Failure to recognize the effect of different property rights structures on outcomes leads to faulty analysis. Think about several questions. Which lake will yield larger, more mature fish — a publicly owned or a privately owned lake? Why is it that herds of cows flourished and buffalos did not? Who will care for a house better — a renter or owner?
The answer to each question has to do with the property rights structure. In a publicly owned lake, everyone has the right to the fish. In order to assert his right, the person has to catch the fish. This leads to overfishing because the person who tosses back an immature fish doesn’t benefit himself. He benefits someone else who will keep the fish. It’s a different story with a privately owned lake. The owner needn’t catch a fish in order to assert his rights and can let the fish mature. It’s the same principle with buffalo and other wildlife that’s publicly owned. Through various rules and regulations, governments, though imperfectly, attempt to solve this property rights problem with licenses, fishing and hunting seasons and setting limits on catch and size.
Private property rights force the owner to take into account the effect of his current use of the property on its future value. A homeowner has a greater stake in what a house is worth 10 or 20 years from now than a renter. An owner would more likely make sacrifices and take the kind of care that lengthens the usable life of the house. But owners have methods to make renters share some of the interests of an owner through requiring security deposits against damage.

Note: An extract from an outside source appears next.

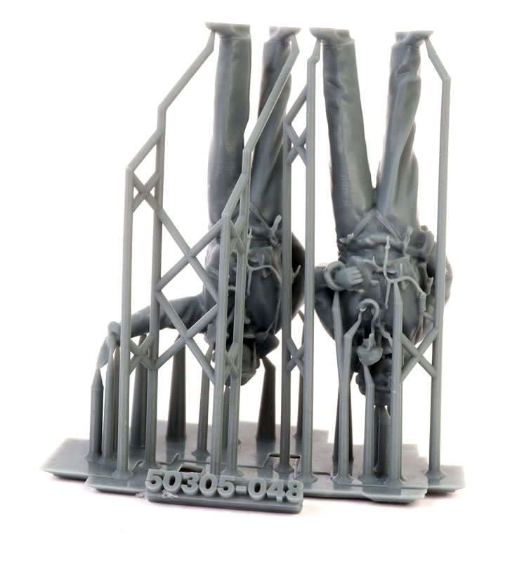 I removed the figures from their attachments one set at a time using a new hobby blade and a quality set of sprue cutters. This was a fast and easy job. I cut the points close to the bodies of the figures using the sprue cutters and they were quickly freed with almost no residue.

There’s a completely ignored aspect of the effect of restrictions on private property rights and that’s restrictions on profits. Pretend that you’re an owner of a firm. There are two equally capable secretaries that you might hire. The pretty secretary demands $300 a week while the homely secretary is willing to work for $200. If you hired the homely secretary, your profits would be $100 greater. But what if there were a 50 percent profit tax? The profit tax reduces your rights to profit and reduces your cost of discriminating against the homely secretary. Instead of foregoing $100 without the profit tax, you’d forego only $50 by hiring the pretty secretary. The more the cost of doing something goes down, predictably, the more people will do of it. Wherever private property rights to profits are attenuated, we expect more choices to be made by noneconomic factors such as race and other physical attributes. That’s especially the case in nonprofit entities like government and universities.
You say, "Hold it, Williams, government and universities have preferential hiring policies in favor of racial minorities; so you’re wrong." No. When it was politically expedient, government and universities were the leaders in racial discrimination against racial minorities. Now that it’s politically expedient to discriminate in favor of racial minorities, government and universities are in the forefront. For example, in 1936, there were only three black Ph.D. chemists employed by all of the white universities in the U.S., whereas 300 black chemists alone were employed by private industry. In government, blacks were only 1 percent of non-Postal Civil Service workers in 1930. By the way, where did blacks make their entry into white universities? If you said in sports, the moneymaking part of the university, go to the head of the class.
There are numerous issues and problems that are otherwise inexplicable unless we take into consideration the property rights structure.